Anyway, everybody thanks
for helping!

You're welcome.

Regards

 

[Dan Pop]

Wait! I talk too fast. It does work now, after including #include <stdlib.h>
as well. Are their more versions of malloc or something? The compiler didn't
say anything.

You shot yourself in the foot, by casting the malloc call. Without the
cast, the compiler MUST emit a diagnostic, if you don't include <stdlib.h>
because malloc is implicitly declared as returning int, but used in a
pointer context.

The first rule of computer programming: know what you're doing.
The second rule of computer programming: know how to use your tools.

Actually, these rules apply to any human activity...

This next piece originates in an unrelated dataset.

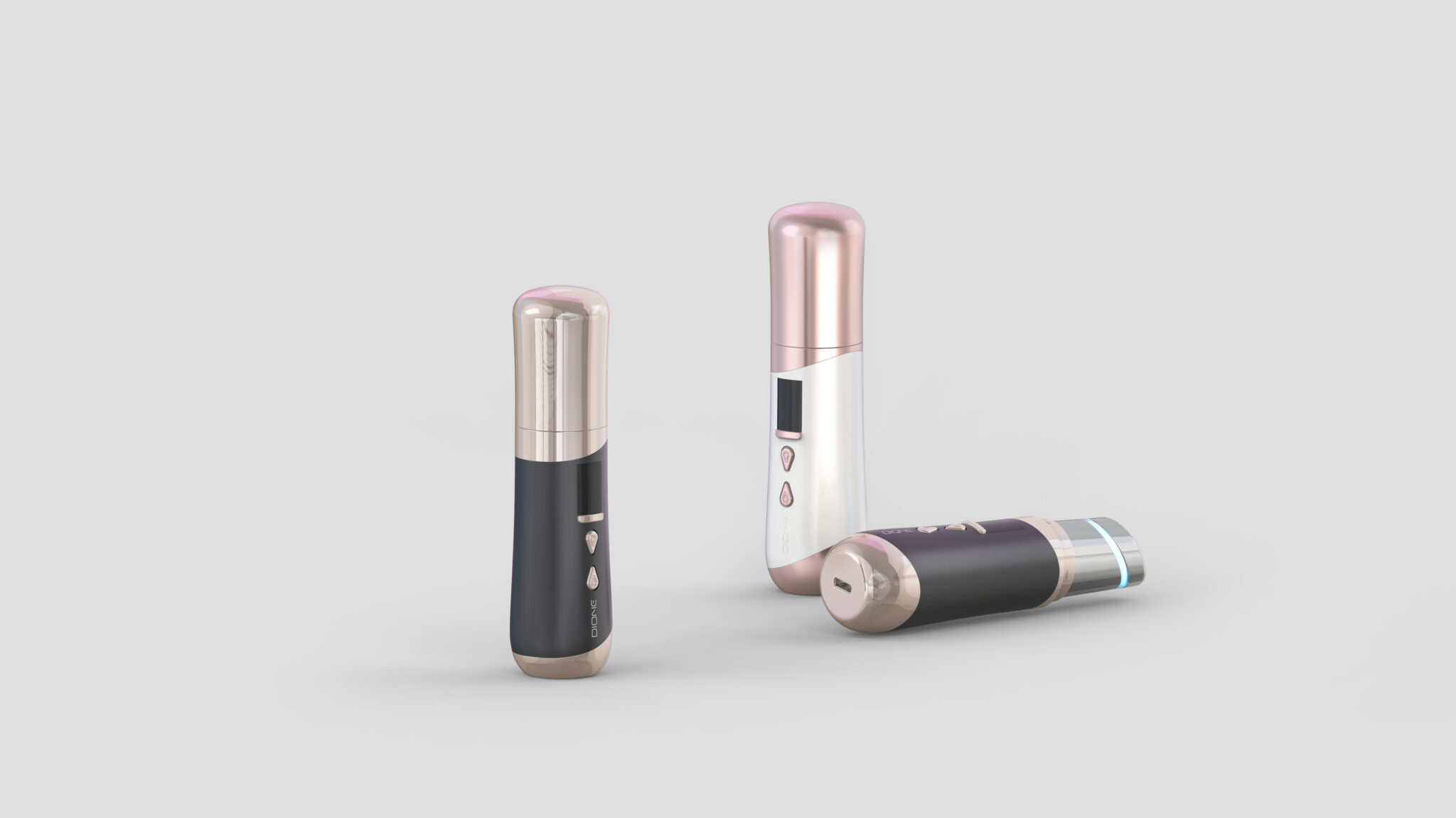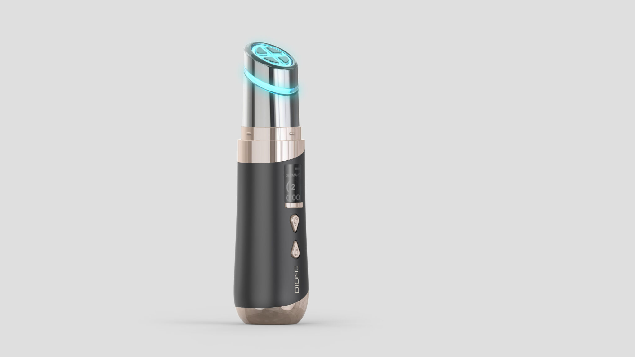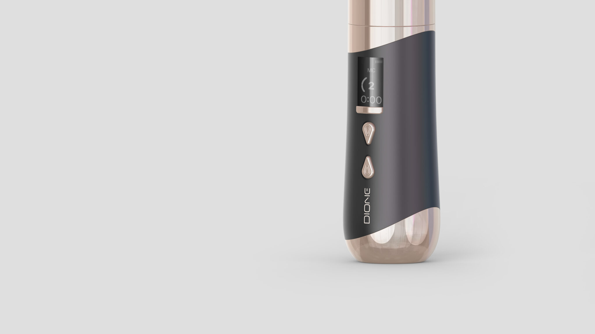 상·하단의 로즈골드 메탈 캡은 시각적 무게 중심을 명확히 하며, 제품을 세워두었을 때 오브제로서의 완성도를 높인다. 이는 단순한 장식 요소가 아니라, 프리미엄 안티에이징 기기에 요구되는 신뢰·고급·정밀의 이미지를 직관적으로 전달하는 핵심 디자인 언어다.

Compile these two programs and note the difference:

int main()
{
char *p = malloc(10);
return 0;
}

and

int main()
{
char *p = (char *)malloc(10);
return 0;
}

They're both equally broken (due to the lack of declaration for malloc),
but only the first one requires a diagnostic from the compiler.

The next exercise is to find out how to use your compiler so that even
the second program generates a diagnostic, because you're using a function
without declaring it. C89 allows this, but it is such an atrocious idea
that practically all compilers can warn about it, if you raise their
warning level high enough. You really don't want to use undeclared
functions in your programs and, if you have to declare them yourself,
make sure you use prototype declarations.

If the compiler can find your bugs, it is downright idiotic not to let it
do it for you.

Dan

 

[Default User]

Do you have magic powers? How do you know I forgot all that stuff? I only
gave a piece of the code, not the complete thing. Anyway, everybody thanks
for helping!

Please quote a relevant portion of the post you are replying to.




Brian Rodenborn

 

[Mark McIntyre]

Wait! I talk too fast. It does work now, after including #include <stdlib.h>
as well. Are their more versions of malloc or something? The compiler didn't
say anything.

Rick, sorry about this, but I'm going to store your post for
perpetuity, as it a classic example of someone actually getting bitten
by the reason for NOT casting malloc.

 

[Mark McIntyre]

Wait! I talk too fast. It does work now, after including #include <stdlib.h>
as well. Are their more versions of malloc or something?

There's only one version ,declared in stdlib.h.

The compiler didn't say anything.

Its not required to. Your cast silenced the only warning it could have
made, "implicit conversion from int to pointer". In the absence of a
proper prototype for a function, the compiler assumes that it returns
an int. DONT cast malloc in C code, for this very reason.